L’hybridation de l’Europe et du monde musulman

À propos de : H. Laurens, J. Tolan, G. Veinstein, L’Europe et l’islam. Quinze siècles d’histoire, Odile Jacob.


Dans une monumentale étude, trois historiens étudient les échanges politiques, militaires, culturels et économiques qui lient, depuis un millénaire et demi, l’Europe et l’islam. Une des originalités de leur approche tient à ce qu’elle ne se cantonne pas à la question des religions et permet de réfuter les discours sur l’inévitable affrontement entre les mondes européen et arabo-musulman.

Recensé : Henry Laurens, John Tolan, Gilles Veinstein, L’Europe et l’islam. Quinze siècles d’histoire, Paris, Odile Jacob, coll. « Histoire », 2009, 473 p.

L’histoire croisée de l’Europe et du monde musulman ne se réduit pas aux conquêtes réciproques et à un affrontement à prétention universelle. L’Europe et l’islam, cosigné par trois spécialistes dont la réputation n’est plus à démontrer (Henry Laurens et Gilles Veinstein enseignent au Collège de France, John Tolan à l’université de Nantes), est une synthèse majeure qui se tient à distance de toute approche de type idéologique – ce n’est pas toujours le cas en pareil domaine.

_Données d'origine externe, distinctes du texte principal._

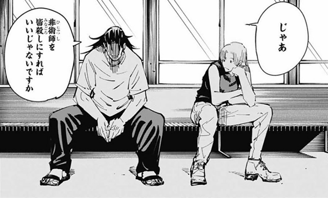「非術師」「術師」「呪霊」が呪い合えば、まず最初に力のない非術師が淘汰されるわけですから。

La première qualité de cette fresque est de nous inscrire dans la longue durée, sur un immense espace situé entre les océans Atlantique et Indien, qui englobe le Vieux Continent, le monde arabe et le monde turco-ottoman. Les trois historiens à l’œuvre mettent à la disposition du public leur connaissance des langues, leur maîtrise de sources riches et variées, croisant des travaux précis et des synthèses plus générales. Quelques pièces sont livrées à la connaissance des non-spécialistes ; ainsi cette proclamation des ulémas d’Al-Azhar répondant au souhait conjoint de la France et de la Grande-Bretagne, le 21 janvier 1916 :

« Considérez la partie de l’Irak occupée actuellement par les Anglais, regardez quel est le sort du Liban et celui des Arabes d’Occident protégés de la France, et vous vous apercevrez de la différence qui existe entre les procédés des Anglais, des Français et ceux des Turcs. Les Turcs en veulent à la langue arabe, la langue du Prophète et du Coran, la langue de la prière, et cherchent à l’anéantir pour lui substituer la leur […]. En Syrie, les Libanais, par leurs nombreux écrits, et les jésuites, par le concours de leur talent, sont devenus les propagateurs de la langue arabe. En Égypte, grâce au concours des Anglais, cette langue est devenue florissante. […] Dernièrement encore, lors de la réunion du Congrès arabe à Paris, la France a prêté à ce Congrès toute sa sollicitude. »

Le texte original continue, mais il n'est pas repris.